Relevant FHIR Parameters¶

These parameters are needed to connect to the FHIR server, evaluate the CQL statements, and retrieve the results. They can be provided directly as parameters in the CQLExecutionTask statement (see below), or indirectly via ClarityNLPaaS:

Parameter	Meaning
cql_eval_url	URL of the FHIR server’s CQL Execution Service
patient_id	Unique ID of patient whose data will be accessed
fhir_data_service_uri	FHIR service base URL
fhir_terminology_service_endpoint	Set to `Terminology Service Endpoint`
fhir_terminology_service_uri	URI for a service that conforms to the FHIR Terminology Service Capability Statement
fhir_terminology_user_name	Username for terminology service authentication
fhir_terminology_user_password	Password for terminology service authentication

The terminology user name and password parameters may not be required, depending on whether or not the terminology server enforces password authentication.

Time Filtering¶

This task supports a time filtering capability for the CQL query results. Two optional parameters, time_start and time_end, can be used to specify a time window.
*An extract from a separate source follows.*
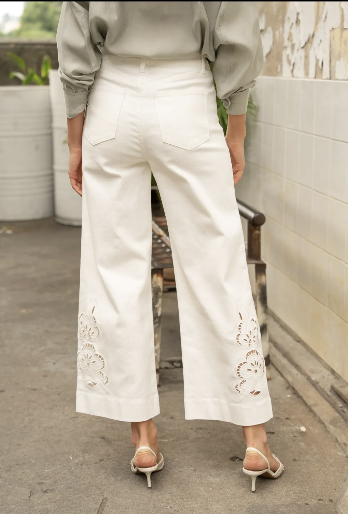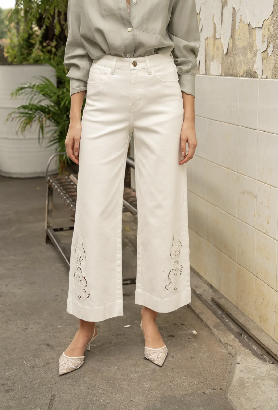 Wide leg/ Ankie jeans met uitsnijding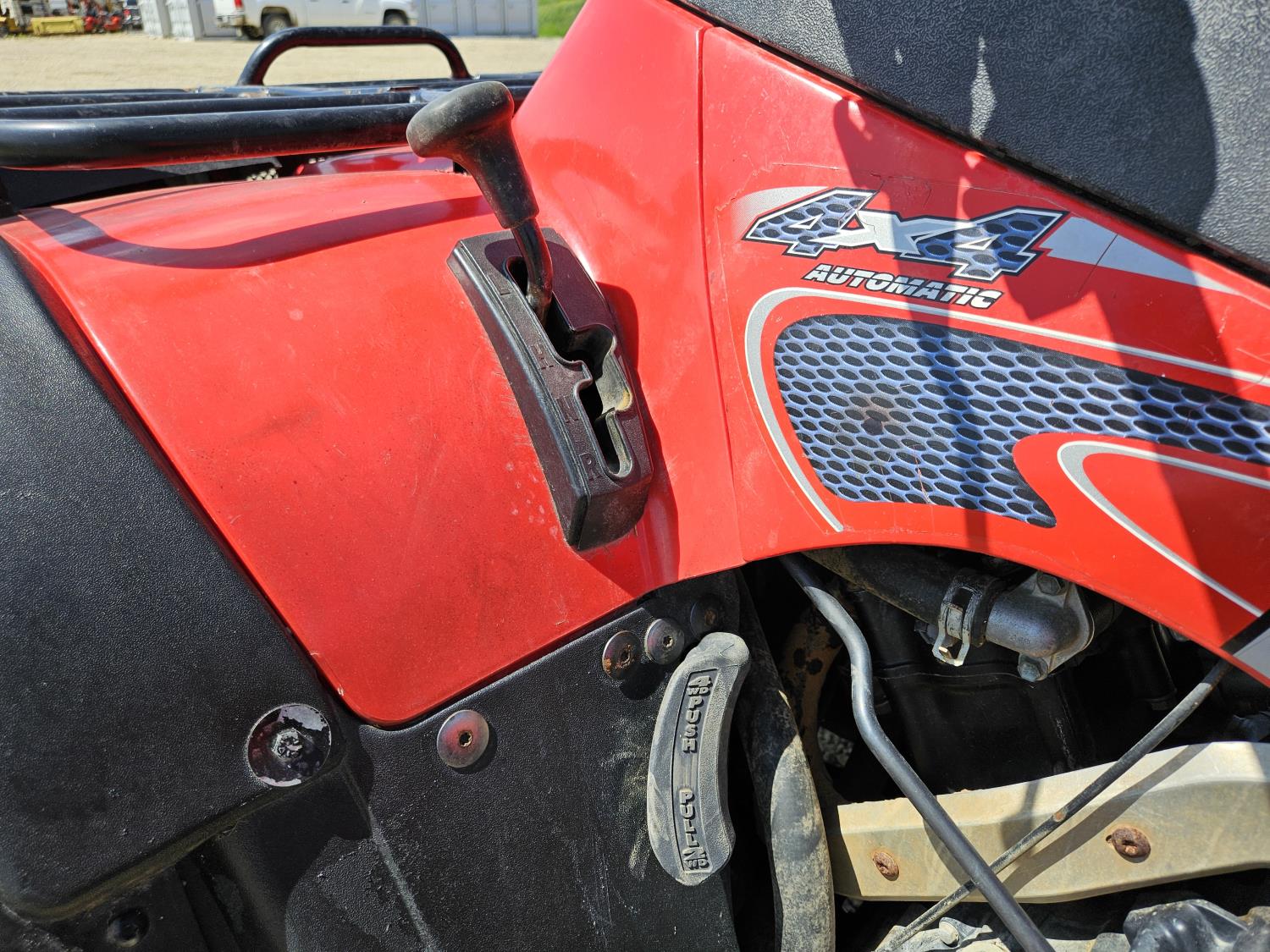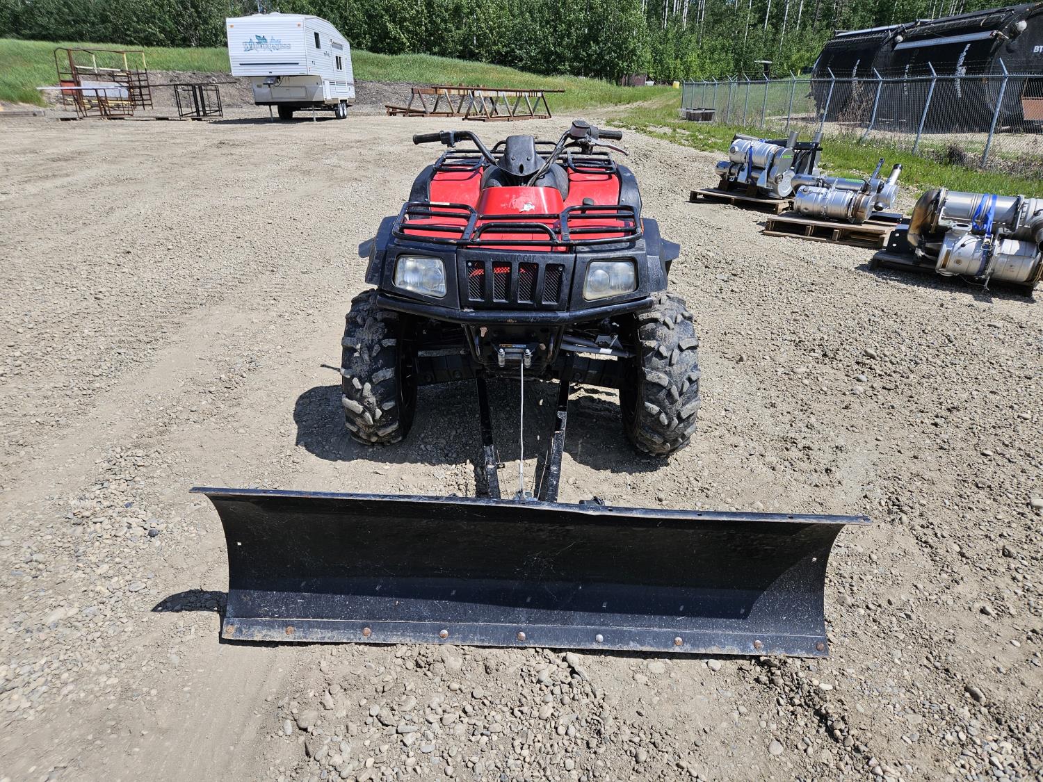 499 cc engine, automatic transmission, Hi/Lo range, reverse, 48 inch front blade, front and rear racks, front winch

Any results whose timestamps lie outside of this window will be discarded. If the time window parameters are omitted, all results from the CQL query will be kept.

The time_start and time_end parameters must be quoted strings with syntax as follows:

DATETIME(YYYY, MM, DD, HH, mm, ss)
DATE(YYYY, MM, DD)
EARLIEST()
LATEST()

An optional offset in days can be added or subtracted to these:

LATEST() - 7d
DATE(2010, 7, 15) + 20d

The offset consists of digits followed by a d character, indicating days.

Both ``time_start`` and ``time_end`` are assumed to be expressed in Universal Coordinated Time (UTC).

Here are some time window examples:

1. Discard any results not occurring in March, 2016:

"time_start":"DATE(2016, 03, 01)",
  "time_end":"DATE(2016, 03, 31)"

2. Keep all results within one week of the most recent result:

"time_start":"LATEST() - 7d",
  "time_end":"LATEST()"

3. Keep all results within a window of 20 days beginning July 4, 2018, at 3 PM:

"time_start":"DATETIME(2018, 7, 4, 15, 0, 0)",
  "time_end":"DATETIME(2018, 7, 4, 15, 0, 0) + 20d"

Note that the strings to the left and right of the colon must be surrounded by quotes.

Example¶

Here is an example of how to use the CQLExecutionTask directly, without using ClarityNLPaaS. In the text box below there is a documentset creation statement followed by an invocation of the CQLExecutionTask. The documentset consists of all indexed documents for patient 99999 with a source field equal to MYDOCS. These documents are specified explicitly in the CQLExecutionTask invocation that follows, to limit the source documents to those for patient 99999 only.

The task_index parameter is used in an interprocess communication scheme for controlling task execution. ClarityNLP’s Luigi scheduler creates worker task clones in proportion to the number of unstructured documents in the documentset. Only a single task from among the clones should actually connect to the FHIR server, run the CQL query, and retrieve the structured data.

ClarityNLP uses the task_index parameter to identify the single task that should execute the CQL query. Any NLPQL file can contain multiple invocations of Clarity.CQLExecutionTask. Each of these should have a task_index parameter, and they should be numbered sequentially starting with 0. In other words, each define statement containing an invocation of Clarity.CQLExecutionTask should have a unique value for the zero-based task_index.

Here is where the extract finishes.